Blind spots across the board compel traders to follow technicals lots more than usual, which often gets them whipsawed if they respond to all the alternating rallies or declines--as basically none have staying power.
Of course, a primary focus for now is on probable tariff announcements Thursday. If they do or don’t, certainly that increased market angst, trader hesitancy as well, and ironically a suspected rebound into the 2 o’clock balloon.
Regardless of these daily moves, there are other issues out there. Sure, now everyone expects a Fed rate hike this month, so perhaps that’s an easily-absorbed influence. But again this is a pricey market, and that’s a viewpoint we have regardless of the periodic ability to mount the frantic short-covering rallies, that are unsustainable because there’s little true investing money behind the moves.
Geopolitically, you have everything from a curious cooperative attitude (or seemingly so) from North Korea, whether it’s due to Kim blinking or not at President Trump’s bigger button (which Trump shouldn’t belabor, even if that instigated the change in Little Rocket Man’s tone). Then, further apace, you have more stories linking North Korea with chemical weapons (or components) sent to Syria, which seems quite believable, even though Pyongyang has denied it supplied such materials to Syria.
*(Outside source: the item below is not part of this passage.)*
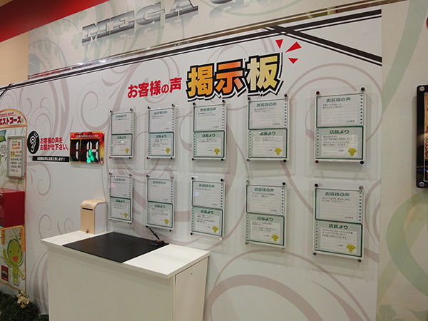 ホール内にはプレイヤーからの意見が貼り出されており、改善したポイントもしっかりとカウントしている。つねにより良いホールを目指す姿勢にも好感を抱いた。

Even further afield, but the market may care, you have Turkey’s Erdoganthumbing his nose at the United Nations Ceasefire Resolution 2401, that I was so proud of my cousin's work on, at the Security Council. Turkey should pay attention, as even Russia sided with the U.S., France and a slew of other UN members, chiding Ankara and insisting the ceasefire intends to include all of Syria(including northern areas where Erdogan is trying to smash the Kurds) and not just the conflict zone near Damascus.
If Qatar is really involved with this (they tend to play both sides), that's of course where markets can be impacted. Not just oil prices, but shipping, as they’re near a choke-point in the Persian Gulf and the world’s largest LNG (gas) exporter. And of course, we have a big Air Base there. Given the short attention span of markets, one would think it forgot all of this.
Now analysts had something to go with, so of course, rallied the market more, and eviscerated shorts, as we’d forewarned anyway. The primary reason is that the market is expensive; everyone overlooks the robust Beige Book Report (higher wages hourly might appear Friday and get some attention) and all sorts of geopolitical concerns.
Bottom line: it's not out of the question that we see a a favorable trade announcement (somewhat protectionist but not totally nationalistic). And then see implied-inflationary numbers Friday, taking the chatter back to square one, which happens to be rates and FOMC policy decisions.